■ Exercise aim ■
Write out, exactly and in full, the line where "If you want" appears together with all lines that follow it in the entries below. Do not include pictures.

■ Entries provided ■

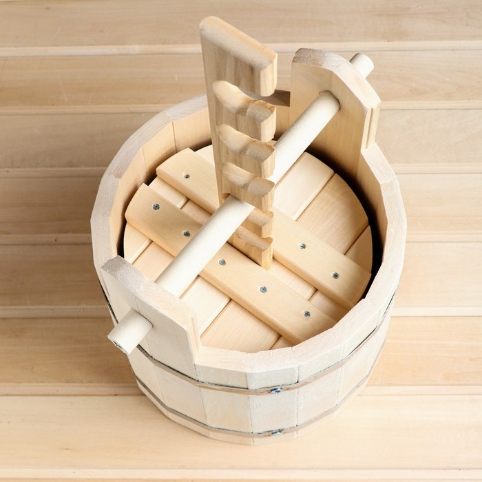 Кадка-бочка для засолки из липы, 10 л, с прижимным гнетом, нержавеющий обод "Добропаровъ"
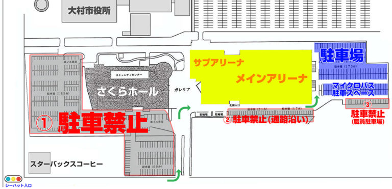 各会場ともに、専門部発行の駐車券がない車は駐車できません。また、大型バスの会場への駐車はできません。スムーズな大会運営への御協力をお願いします。
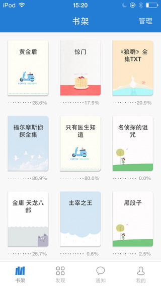 8.个性化阅读辅助功能:两种精美的书架呈现模式;下载管理功能可以随时查看下载进度;在书签管理中可查看所添加的书签;统计您的阅读成果。
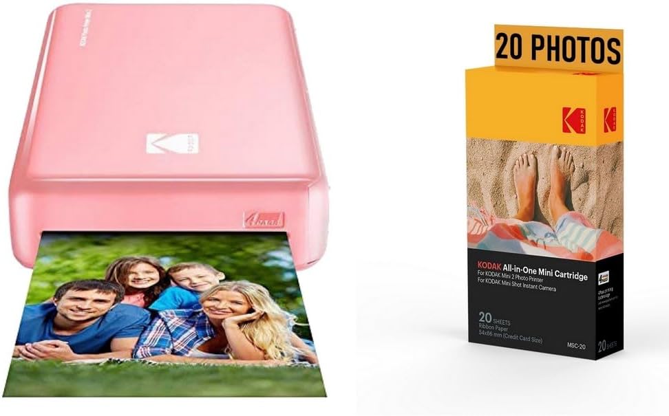 KODAK Pack Fotodrucker PM220 und Kartusche MSC20 – Fotos 5,4 x 8,6 cm, WiFi, kompatibel mit iOS und
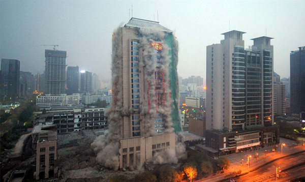 15日上午7时,随着“嘭”的第一声爆破声,陕西省西安市高新区高新二路一座高118米的高楼成功被爆破拆除。这是目前国内城市爆破拆除中最高的楼房,整个爆破作业前后仅用时15秒,成为“全国第一爆”。
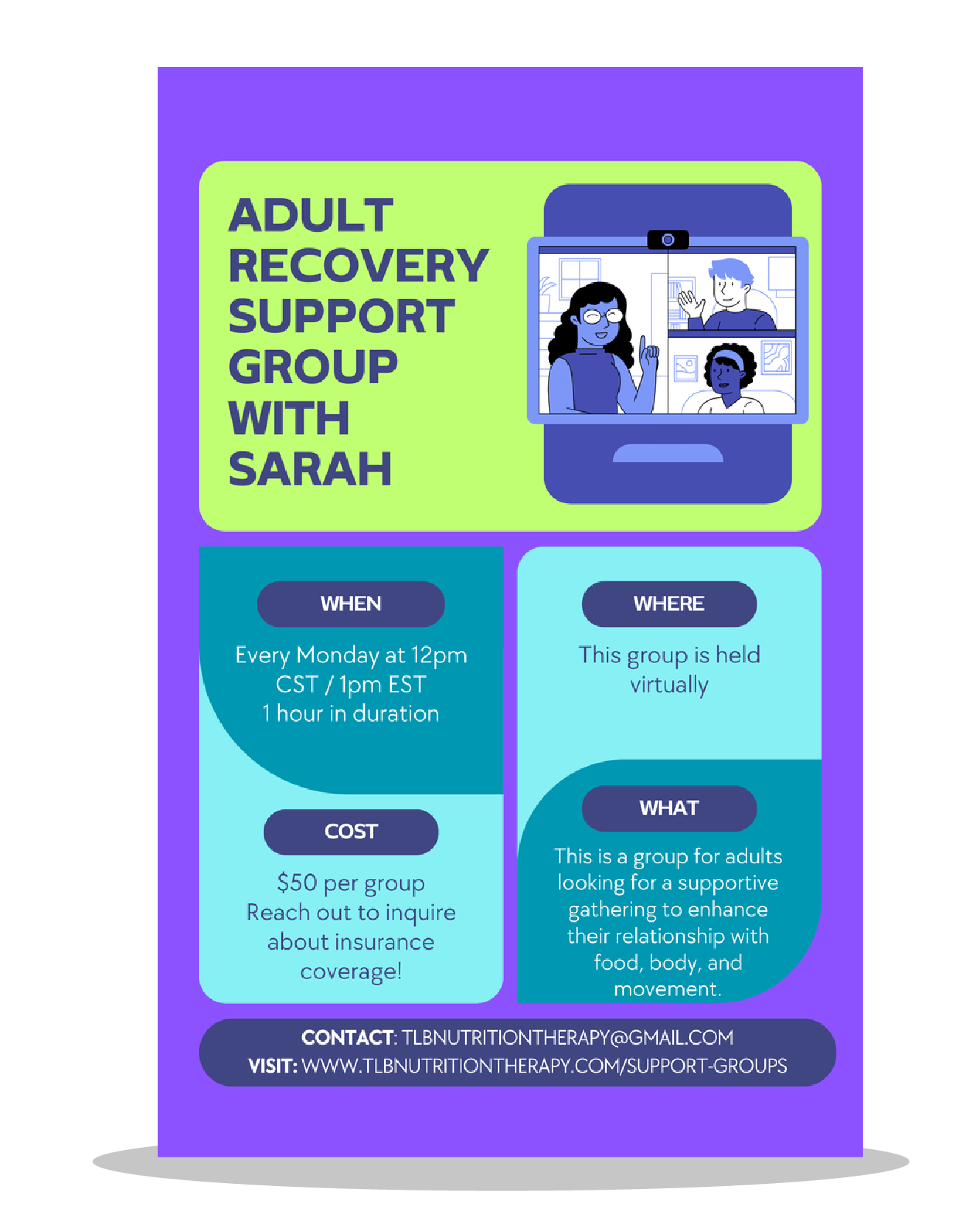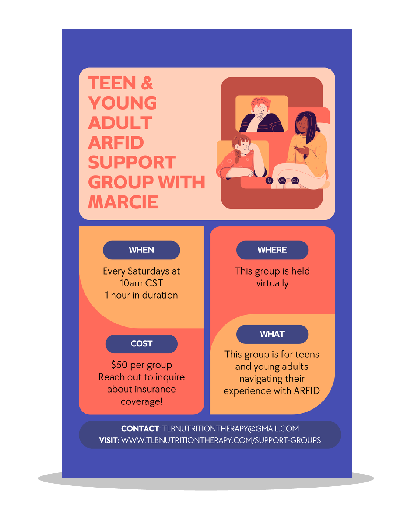 If you want to register for multiple groups, please reach out to Tina at TLBNutritionTherapy@gmail.com for more details.
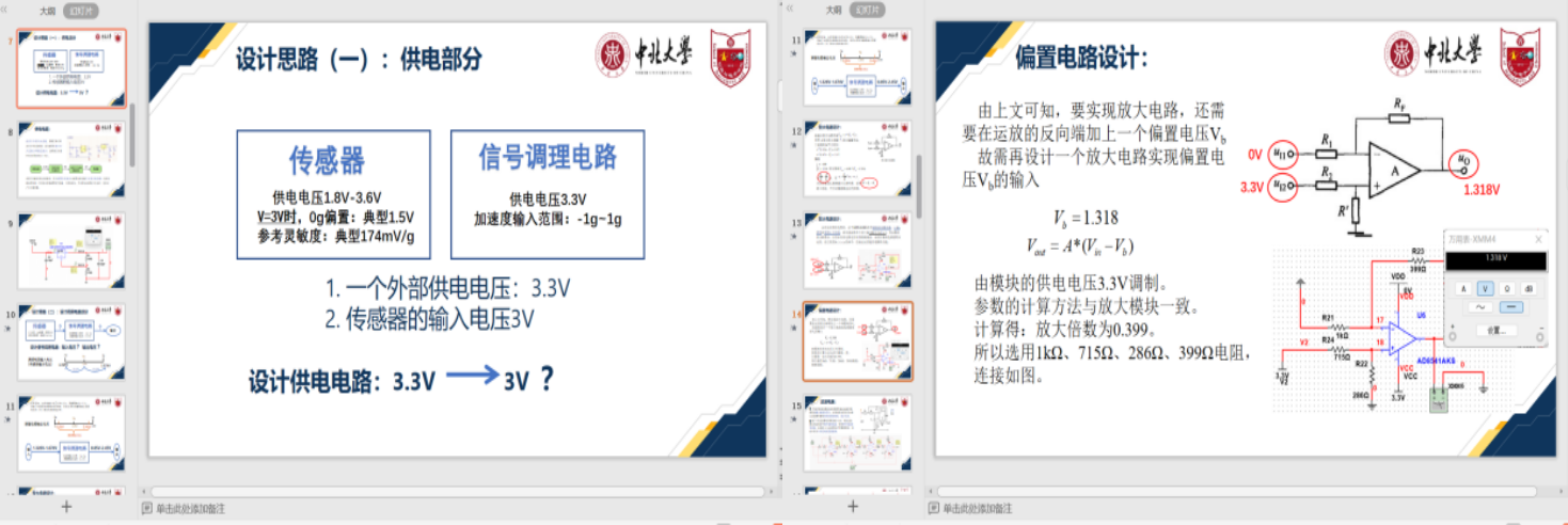 通过完成设计阶段的实训任务,同学们对加速度传感器的背景及应用都有了较为深刻的理解,同时每组同学都成功独立完成方案设计并建模仿真了各单元电路的可行性,加深了同学们对理论知识的理解,大大提高了同学们对之后进一步进行实物焊接测试标定的兴趣。

■ Task answer ■
 If you want to register for multiple groups, please reach out to Tina at TLBNutritionTherapy@gmail.com for more details.
 通过完成设计阶段的实训任务,同学们对加速度传感器的背景及应用都有了较为深刻的理解,同时每组同学都成功独立完成方案设计并建模仿真了各单元电路的可行性,加深了同学们对理论知识的理解,大大提高了同学们对之后进一步进行实物焊接测试标定的兴趣。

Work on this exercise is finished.